■ **What you have to do**
Write out each record below exactly, but not the pictures.

Records from a data collection
--------------------
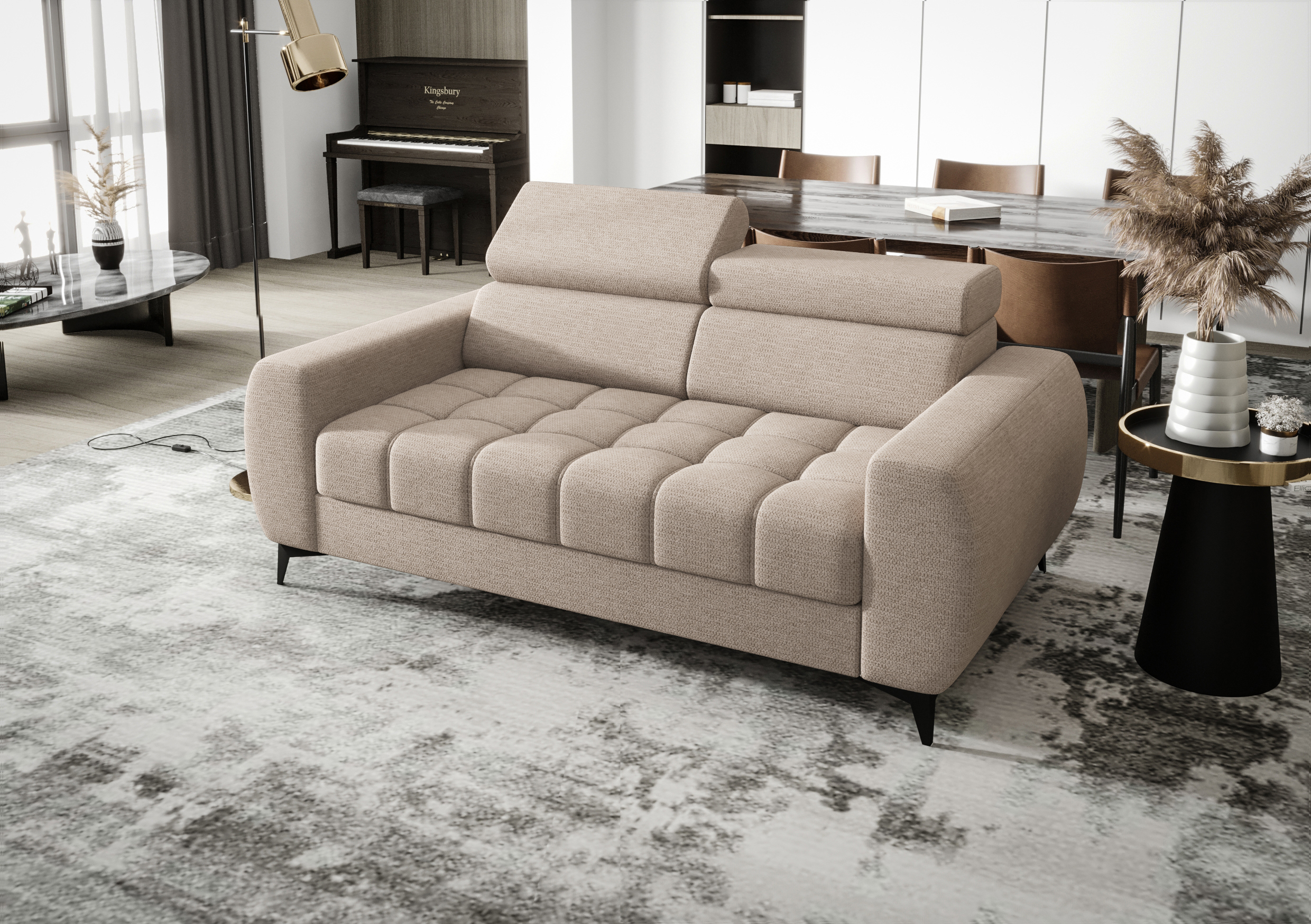Porto II ist die perfekte Kombination aus modernem Design und funktionaler Eleganz. Die minimalistische Form passt zu verschiedensten Wohnstilen und verleiht jedem Raum einen stilvollen Akzent. Dank stabiler Konstruktion und hochwertiger Verarbeitung ist dieses Sofa der ideale Rückzugsort nach einem langen Tag.
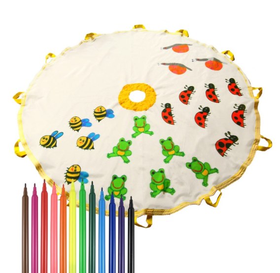 Dodatkowo, chusta kreatywna zachowuje wszystkie standardowe funkcje spadochronu animacyjnego: rozwija refleks, koordynację i umożliwia radosną zabawę w ruchu i grupie.
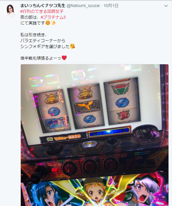 バラエティコーナー担当のまいっちんぐナツコ先生は、『パチスロエウレカセブンAO』で実戦開始。
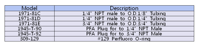 ¡á Perfluoro O-ring, 1¡¿3/4¡±¿Í 6¡¿1/4¡± PTFE Plug¿Í °°ÀÌ °ø±ÞµÊ
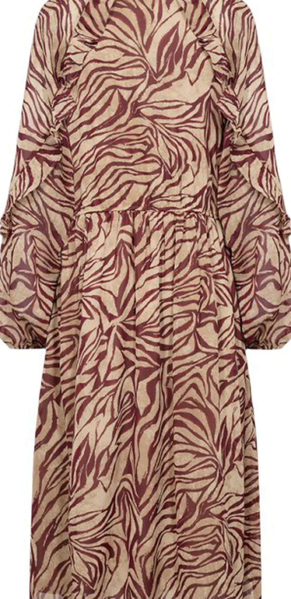 SC-VALBORG 2 Dress er fremstillet af 100 % genbrugspolyester. Den har V-udskæring, lange ærmer med rynkede manchetter og en afslappet, halvlang pasform med et dristigt, abstrakt print. Sæt den sammen med ankelstøvler og en crossbody-taske for et stilfuldt look.
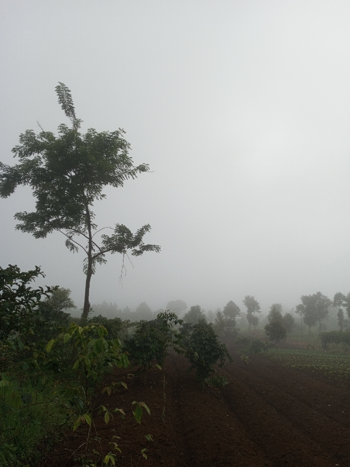A hazy landscape featuring trees and crops. One tall, leafy tree stands prominently on the left, while smaller, bushier plants fill the foreground. Further back, a row of trees fades into the mist-laden distance. Ploughed brown fields slope downward towards the centre. The overall mood is subdued due to the heavy fog, which obscures details and creates a sense of depth.
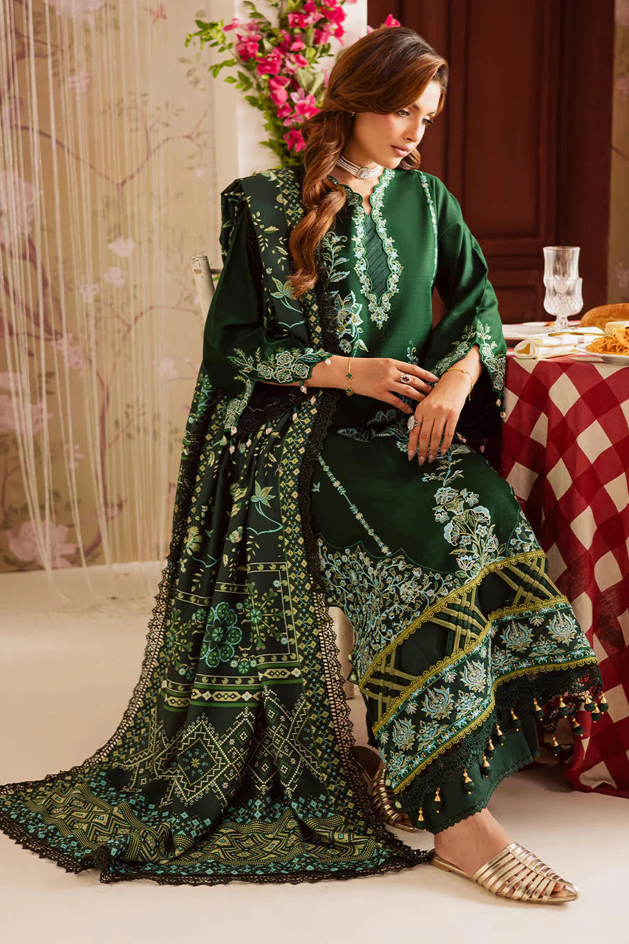 MAHNUR - 3PC DHANAK EMBROIDERED SHIRT WITH TWILL PRINTED SHAWL AND TROUSER - HZU2531
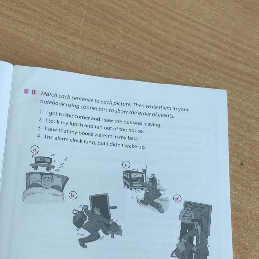 B Match each sentence to each picture. Then write them in your notebook using connectors to show the order of events.
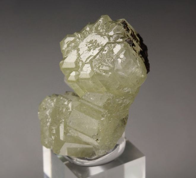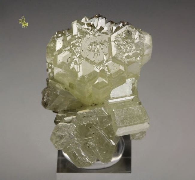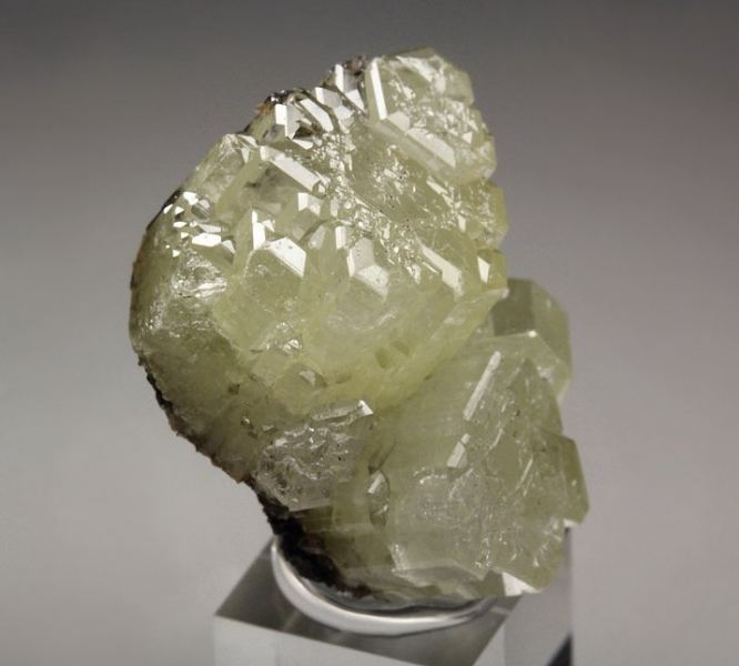 Splendid specimen of gemmy Mimetite crystals from the famous Tsumeb mine, Namibia. It comes from the collection of Tony Smith with a label. It is very pleasing specimen of flat terminated prismatic crystals. The Mimetites are very well shaped with pleasing cream-yellow color. They have strong luster and fresh appearance. The quality is very good – the crystals are translucent to transparent and gemmy. In very good condition – some side contacts. On acrylic base., Fantastic!Data last checked on 25th Aug 2021 - specimen may no longer be available
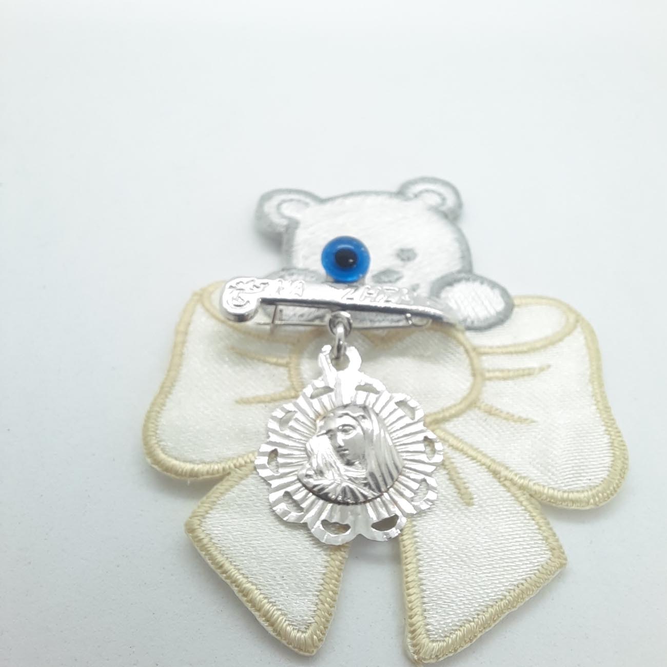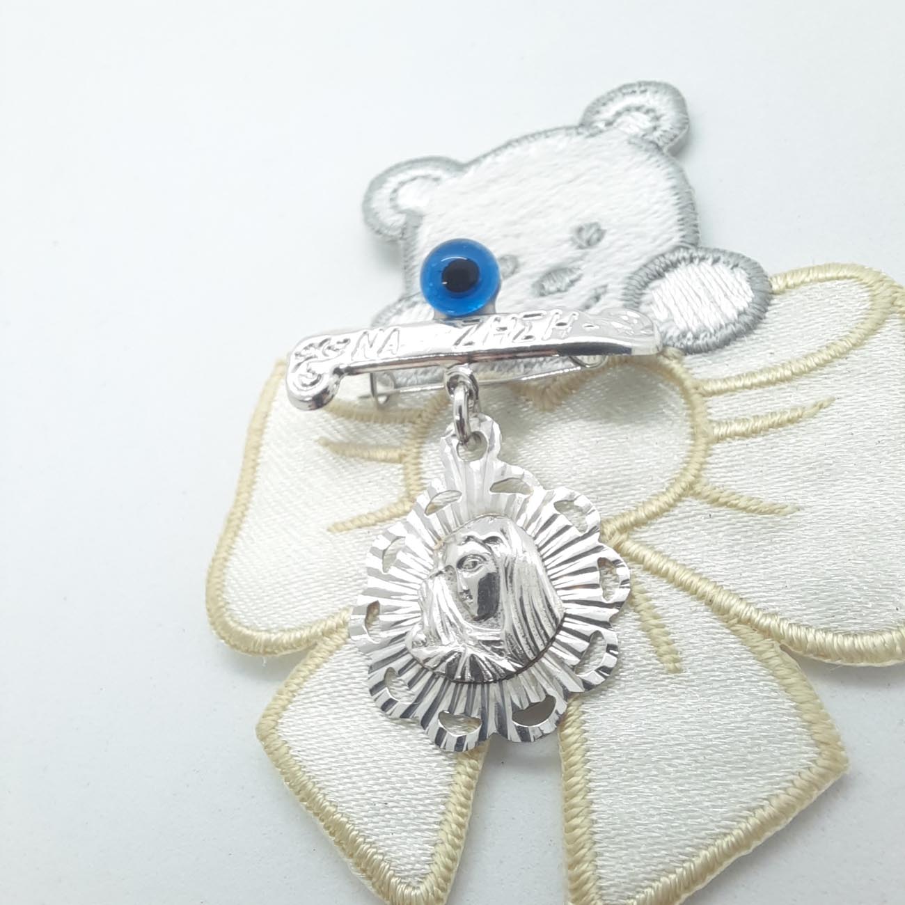 Ανάγλυφη μορφή Παναγίας σε λευκόχρυσο σκαλιστό ματόχαντρο 14 ΚΑΡΑΤΙΩΝ, με παραμάνα, ευχή και μαντόχαντρο, που θα αξιοποιήσει ως πολύτιμο μενταγιόν στην ενήλικη ζωή του.
--------------------
■ **Output for this task**
Porto II ist die perfekte Kombination aus modernem Design und funktionaler Eleganz. Die minimalistische Form passt zu verschiedensten Wohnstilen und verleiht jedem Raum einen stilvollen Akzent. Dank stabiler Konstruktion und hochwertiger Verarbeitung ist dieses Sofa der ideale Rückzugsort nach einem langen Tag.
 Dodatkowo, chusta kreatywna zachowuje wszystkie standardowe funkcje spadochronu animacyjnego: rozwija refleks, koordynację i umożliwia radosną zabawę w ruchu i grupie.
 バラエティコーナー担当のまいっちんぐナツコ先生は、『パチスロエウレカセブンAO』で実戦開始。
 ¡á Perfluoro O-ring, 1¡¿3/4¡±¿Í 6¡¿1/4¡± PTFE Plug¿Í °°ÀÌ °ø±ÞµÊ
 SC-VALBORG 2 Dress er fremstillet af 100 % genbrugspolyester. Den har V-udskæring, lange ærmer med rynkede manchetter og en afslappet, halvlang pasform med et dristigt, abstrakt print. Sæt den sammen med ankelstøvler og en crossbody-taske for et stilfuldt look.
A hazy landscape featuring trees and crops. One tall, leafy tree stands prominently on the left, while smaller, bushier plants fill the foreground. Further back, a row of trees fades into the mist-laden distance. Ploughed brown fields slope downward towards the centre. The overall mood is subdued due to the heavy fog, which obscures details and creates a sense of depth.
 MAHNUR - 3PC DHANAK EMBROIDERED SHIRT WITH TWILL PRINTED SHAWL AND TROUSER - HZU2531
 B Match each sentence to each picture. Then write them in your notebook using connectors to show the order of events.
 Splendid specimen of gemmy Mimetite crystals from the famous Tsumeb mine, Namibia. It comes from the collection of Tony Smith with a label. It is very pleasing specimen of flat terminated prismatic crystals. The Mimetites are very well shaped with pleasing cream-yellow color. They have strong luster and fresh appearance. The quality is very good – the crystals are translucent to transparent and gemmy. In very good condition – some side contacts. On acrylic base., Fantastic!Data last checked on 25th Aug 2021 - specimen may no longer be available
 Ανάγλυφη μορφή Παναγίας σε λευκόχρυσο σκαλιστό ματόχαντρο 14 ΚΑΡΑΤΙΩΝ, με παραμάνα, ευχή και μαντόχαντρο, που θα αξιοποιήσει ως πολύτιμο μενταγιόν στην ενήλικη ζωή του.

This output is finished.